Read e-book online ABC Transporters and Multidrug Resistance PDF

By Ahcène Boumendjel, Jean Boutonnat, Jacques Robert

A accomplished evaluation of the most up-tp-date medical examine on ABC transporters and multidrug resistance

ATP-binding cassette transporter genes (ABC transporters) are identified to play a vital function within the improvement of multidrug resistance (MDR). MDR is the power of pathologic cells, resembling tumors, to resist chemical substances designed to focus on and ruin such cells. In MDR, sufferers who're on medicine ultimately improve resistance not to purely the drug they're taking, yet to a number of types of drugs.

ABC Transporters and Multidrug Resistance bargains a vital source for pharmaceutical researchers who're operating to find medications to counteract multidrug resistance in ailments corresponding to melanoma. in a single entire quantity, this booklet incorporates a choice of the most up-tp-date wisdom at the involvement of ABC transporters in drug shipping and resistance.

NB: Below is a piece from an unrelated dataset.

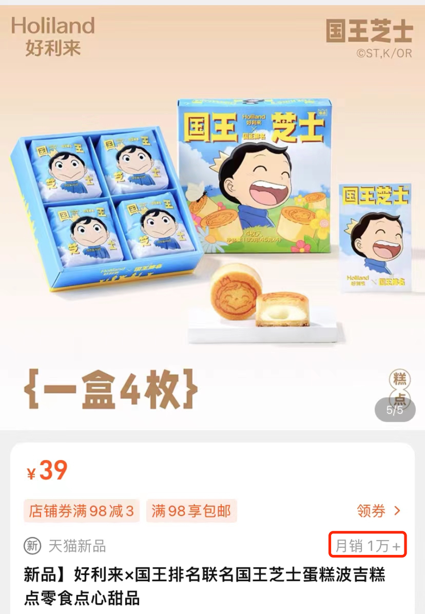 在好利来天猫的官方旗舰店,8月上市的国王排名联名款芝士蛋糕目前销量仍居前位,月销1万+,单价39元,其与LINE FRIENDS的经典联名款糕点,单价32元,月销2万+,月销上万的还有哈利波特的联名产品,售价几百元的草莓熊、三丽鸥、奥特曼蛋糕,单月销量也达到上千件。

This finished quantity offers an outline at the description of the constitution, the genome, common tissue expression, physiological point, and mechanism of motion of the ABC protein. The professional participants discover the expression, detection, and implications of ABC proteins in hematological malignancies and good tumors and ABC proteins and pathogenic microorganisms. This quantity additionally explains MDR modulation via inhibition of ABC transporters and the layout of inhibitors and mechanism of motion. moreover, the ebook deals crucial details at the organic and medical point of multidrug resistance.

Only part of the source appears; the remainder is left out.